Today is the tenth anniversary of the last launch of a space shuttle, Atlantis on STS-135. I remember watching the launch on NASA TV with my dad, and thinking that this was the end of an era. My dad said that he had watched the bookends of the Space Shuttle program: TV coverage of the first glide flight of the Enterprise in 1977, and then the final launch in 2011.
Earlier, in 2007, I made a trip down to Florida to watch another shuttle launch, Endeavour on STS-118. Here is my video of the launch, which I edited and uploaded shortly after shooting it. I watched the launch from Titusville, across the Indian River from Merritt Island and Kennedy Space Center. It wasn’t until the shuttle actually took off that I realized I had my camera trained on the wrong launch pad!
Endeavour now resides at the California Science Center in Los Angeles. The museum plans to display the orbiter in its configuration for the STS-118 mission, although the permanent display space has yet to be built.
MOFFETT FIELD, California, USA – Just inside the front gate of Moffett Field in Northern California, a large model of the Space Shuttle Orbiter stands on three pylons. The model’s nose is high as if it is flaring for a landing on the street leading into the government airfield.

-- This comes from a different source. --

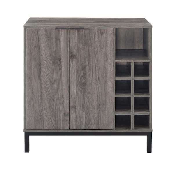 Slate Gray Modern Bar Cabinet with Wine Storage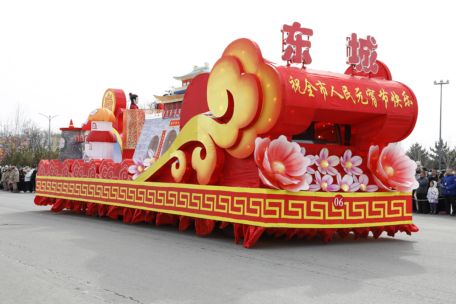 彩车设计紧紧围绕“龙腾虎跃建东城”主题,融合“寻梦小镇”沟北村、“长平不夜城”东山村、“康养小镇”果则沟等重点乡村项目进行设计并制作。彩车尾部安装模拟大鼓一面,寓意兴盛、奋进的新春鼓舞之意。

The Moffett Field Space Shuttle model.
Although there are no plaques or historical markers anywhere to attest to this fact, the model is in fact a relic of the Space Shuttle program, like the orbiter Endeavour in Los Angeles. Unlike Endeavour, the Moffett Field model never flew into space; but as a precision engineering model, it had its own important role to play in the Space Shuttle program. During the development of the Space Shuttle in the 1970s, NASA tested the model extensively in the large 40-by 80-foot wind tunnel at Ames Research Center at Moffett Field.

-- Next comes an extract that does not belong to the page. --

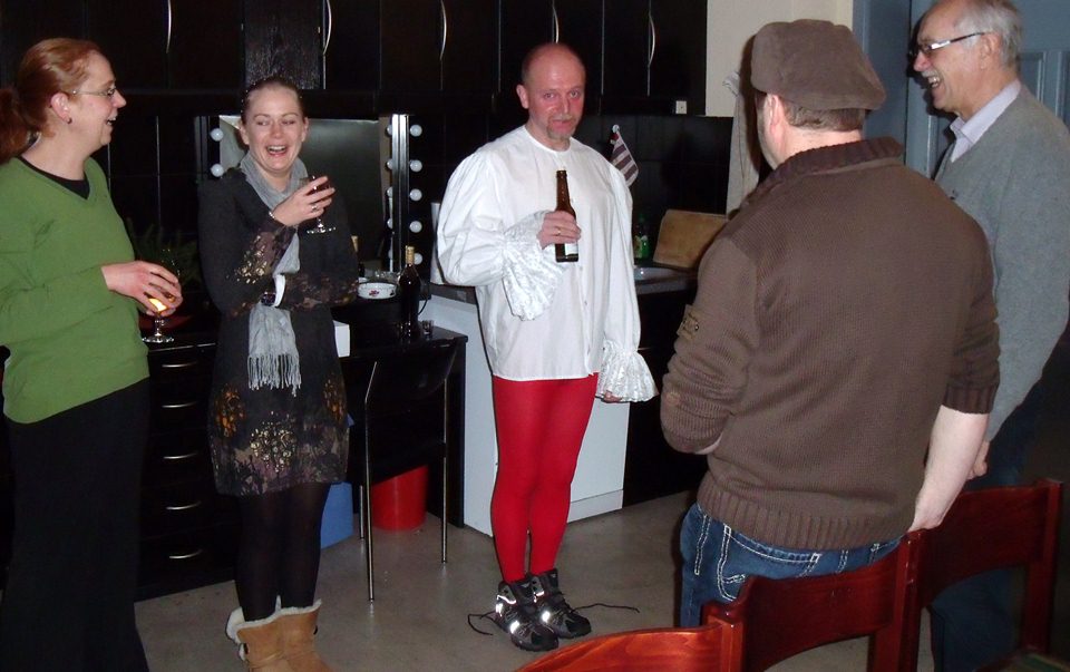 assermusik von Georg Friedrich Händel geben sich die Ehre: (von links) Müller Ortho (gespielt von Uwe Fischbach), die Frau des Wirts Herbord (Bärbel Kahle), Stadtschreiber Gregorius (Hans Kaiser), Stiftsfräulein Lutgard von Leimbach (Celine Weisenfeld), eine namenlose Bürgerin (Tanja Friebertshäuser), Landgraf Hermann (Benny Schmidt), Stiftsfräulein Gertrud von Leimbach (Jana Drescher) und Ritter Tammo von Beltershausen (Patrick Konnerth).

The Moffett Field model was the largest of several Space Shuttle models tested in the wind tunnels at NASA Ames from the early 1970s until the end of the Space Shuttle program in 2011. Some of the models represented the entire shuttle stack, with External Tank and Solid Rocket Boosters; these models simulated the launch of the shuttle into orbit. Other models, like the Moffett Field model, represented only the Orbiter, as it returned from space and slowed from hypersonic speeds to a gliding landing on a runway.

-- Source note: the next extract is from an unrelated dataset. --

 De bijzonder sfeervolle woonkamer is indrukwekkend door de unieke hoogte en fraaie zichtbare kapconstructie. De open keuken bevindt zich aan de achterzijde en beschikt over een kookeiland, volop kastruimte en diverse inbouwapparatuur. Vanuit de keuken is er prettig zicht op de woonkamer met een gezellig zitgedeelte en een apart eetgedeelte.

One of the purposes of the Moffett Field model was to simulate the flow of air over the thermal protection tiles on the underside of the orbiter. The tiles were installed with small gaps in between them, to allow the aluminum body of the shuttle to expand and flex as it heated or cooled during flight. The thermal protection tiles are thus all individually modeled on this model. This is why the model is so large: 0.36-scale, or just over one-third the size of a real Space Shuttle Orbiter.
The 0.36-scale shuttle model during testing in the 40×80-ft wind tunnel at NASA Ames, February 27, 1976. (Source: NASA)
Rear view of the 0.36-scale model during testing, May 20, 1975. (Source: NASA)
The Moffett Field model has been outside for quite some time, and it is a little the worse for wear. Back in the seventies, it was painted a canary-yellow color over its entire surface. Now it is painted like a real shuttle orbiter, with white on the top and black on the bottom. The after-the-fact coat of paint is thick, and in some places it has been stained by the Northern California rain.
Rear three-quarters view of the 0.36-scale wind tunnel model.
Detail of the engines on the model.
Your blogger’s hand touching the underside of the wind tunnel model, with the individual tiles visible.
The paint on the nose of the wind tunnel model, not in great shape after years outdoors.
Moffett Field is located in Silicon Valley, where Apple, Google, Facebook, and other titans of Information Technology have their headquarters or major offices. But long before IT, Moffett Field was a center for another type of technology. Starting with its role as the West Coast base for the Navy’s airship program in the mid-1930s, and continuing with the establishment of NACA Ames Aeronautical Laboratory (now NASA Ames) in 1939, Moffett Field has long been a center for aviation and aerospace. In the twenty-first century, the wind tunnels at NASA Ames continue to do research for Orion and other programs.
I’m glad that the 0.36-scale wind tunnel model has been preserved, but it needs to be better-taken care of and better-interpreted. Big Tech tends to take up all the air in the room in the Bay Area, but Moffett Field and NASA Ames are as much a part of the history of Bay Area technology as Apple, Google, and Facebook.
Further reading
I learned about the Moffett Field shuttle model in Development of the Space Shuttle, by T.A. Heppenheimer, a terrific book about the engineering that went into the shuttle between the program’s initial approval by President Nixon in 1972 and the first flight in 1981. An evocative NASA photo of the model in the 40-by 80-foot wind tunnel appears on the front cover of the book. Development of the Space Shuttle is the sequel to The Space Shuttle Decision, another excellent book by the same author, which is available for free from the NASA History Office.
By the way, the South Bay has another link to the Space Shuttle program: Lockheed Missiles and Space Systems, just to the east of Moffett Field in Sunnyvale, is where the thermal protection tiles were manufactured—an incredibly exacting process.